(SOURCE DATA Opens)

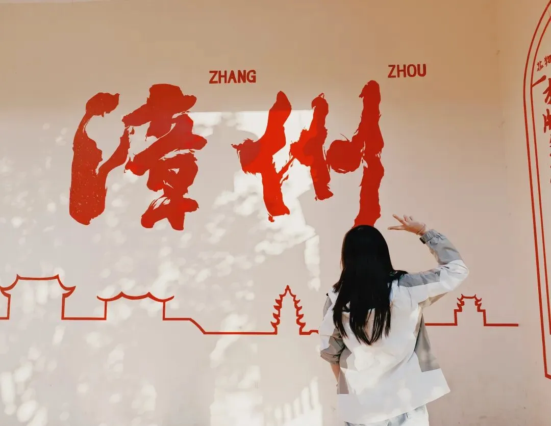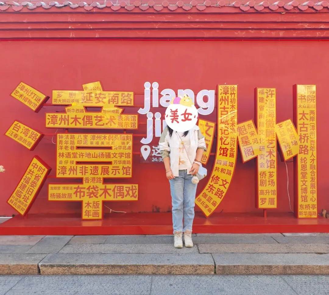 红墙上面有大大的漳州两个字。感觉在这里拍照会特别出片,因为字很大,会显得人很小。
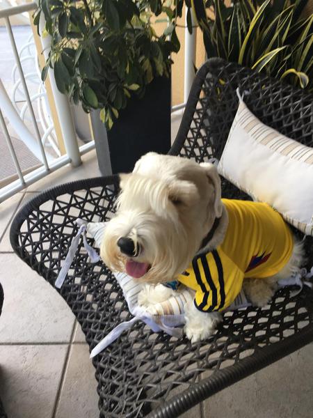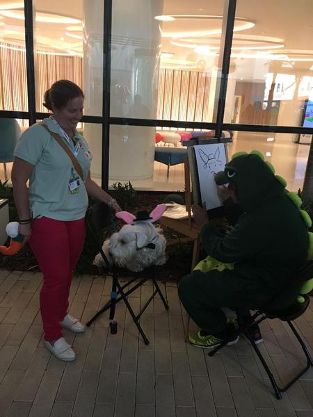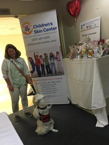 He was also part of a Spanish-language video news segment about therapy dogs visiting the Nicklaus Children's Hospital in Miami.
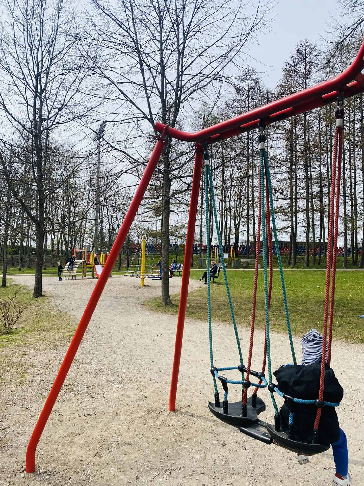 Prie vaikų aikštelės wc, aikštelėje ne tik daug supynių bei laipynių mažiesiems, bet ir vystymo lenta, nei vienam parke dar tokio dalyko nemačiau. Šiuo metu visi krantai žydi narcizais, ypatingas metas!
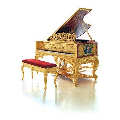 The personality of C. Bechstein presents a shining example of one of the most historically significant and modern piano makers in Germany. His piano is called The Golden Grand Piano. The “CB B 212” model is a masterpiece of acoustic workmanship and craftsmanship. It bears a rich golden decoration with fragile beautiful wooden carvings. This jewel is abundantly adorned with elegant miniature paintings in the Watteau style.
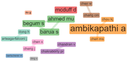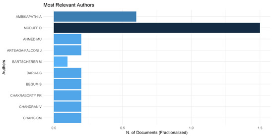 Figure 5 illustrates the writers who had the biggest impact on the research subject. Among them, the authors Ambikapathi, A. and McDuff, D. stand out as having the greatest relevance among those selected for this review. It can be seen that although McDuff, D. shows the highest relevance in Figure 5, Ambikapathi, A. shows the largest name in Figure 6, and therefore, shows a higher impact in the thematic group.
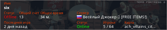 Играет на Team Fortress 2 сервере. Страна: РоссияПервый раз замечен 18:55 05.04.2026
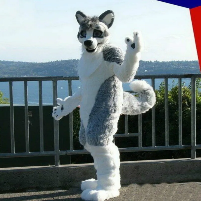 🔻(11%OFF) Kopen Goedkoop Wolf Hond Husky Mascotte Kostuum Cosplay Party Game Dress Outfit Halloween Volwassenen Maat Fursuit Karakter Xmas Pasen Ad Kleding Prijs
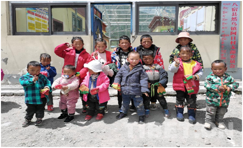 圖為兒童節(jié)當(dāng)天部分阿日村學(xué)齡前兒童收到了愛心人士的禮物
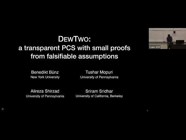 Explore advanced cryptographic commitment schemes in this conference session from Crypto 2025, chaired by Eylon Yogev. Delve into the theoretical foundations and practical applications of functional commitments and polynomial commitments, two crucial primitives in modern cryptography. Learn about the latest research developments, mathematical constructions, and security properties of these commitment schemes. Examine how functional commitments enable parties to commit to functions while later revealing evaluations on specific inputs, and understand polynomial commitments that allow efficient verification of polynomial evaluations without revealing the entire polynomial. Discover the applications of these techniques in zero-knowledge proofs, verifiable computation, and blockchain technologies. Access accompanying research papers and presentation slides to deepen your understanding of the cutting-edge developments presented by leading researchers in the cryptographic community.
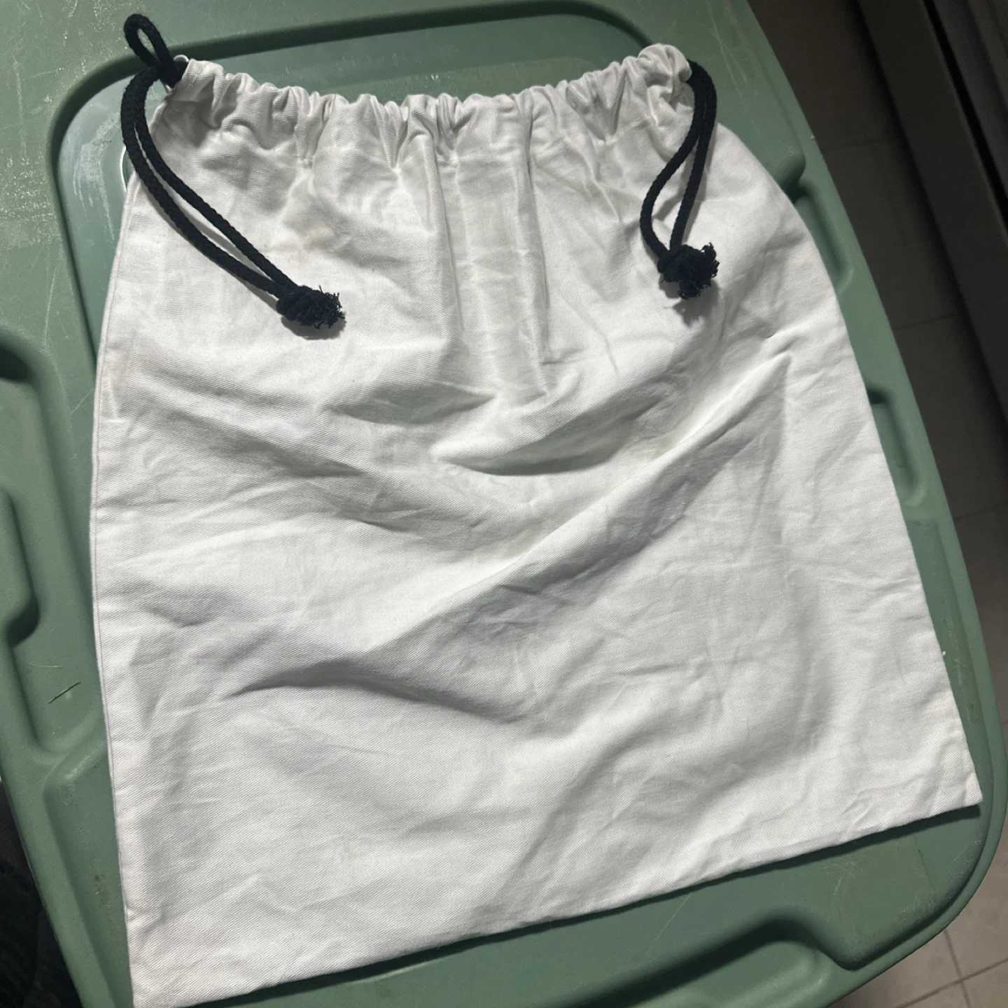 This is an Adidas drawstring bag featuring the Adidas logo and a Bad Bunny graphic. It's made of white cotton with black drawstrings. This bag is perfect for storing shoes or other small items.

(SOURCE DATA Closes)

• _WORK INSTRUCTION_: Give again, word for word, only the lines that run from the top of the data above through the line with "圖為兒童節(jié)當(dā". Drop the pictures.

• _WRITTEN RESPONSE_:
 红墙上面有大大的漳州两个字。感觉在这里拍照会特别出片,因为字很大,会显得人很小。
 He was also part of a Spanish-language video news segment about therapy dogs visiting the Nicklaus Children's Hospital in Miami.
 Prie vaikų aikštelės wc, aikštelėje ne tik daug supynių bei laipynių mažiesiems, bet ir vystymo lenta, nei vienam parke dar tokio dalyko nemačiau. Šiuo metu visi krantai žydi narcizais, ypatingas metas!
 The personality of C. Bechstein presents a shining example of one of the most historically significant and modern piano makers in Germany. His piano is called The Golden Grand Piano. The “CB B 212” model is a masterpiece of acoustic workmanship and craftsmanship. It bears a rich golden decoration with fragile beautiful wooden carvings. This jewel is abundantly adorned with elegant miniature paintings in the Watteau style.
 Figure 5 illustrates the writers who had the biggest impact on the research subject. Among them, the authors Ambikapathi, A. and McDuff, D. stand out as having the greatest relevance among those selected for this review. It can be seen that although McDuff, D. shows the highest relevance in Figure 5, Ambikapathi, A. shows the largest name in Figure 6, and therefore, shows a higher impact in the thematic group.
 Играет на Team Fortress 2 сервере. Страна: РоссияПервый раз замечен 18:55 05.04.2026
 🔻(11%OFF) Kopen Goedkoop Wolf Hond Husky Mascotte Kostuum Cosplay Party Game Dress Outfit Halloween Volwassenen Maat Fursuit Karakter Xmas Pasen Ad Kleding Prijs
 圖為兒童節(jié)當(dāng)天部分阿日村學(xué)齡前兒童收到了愛心人士的禮物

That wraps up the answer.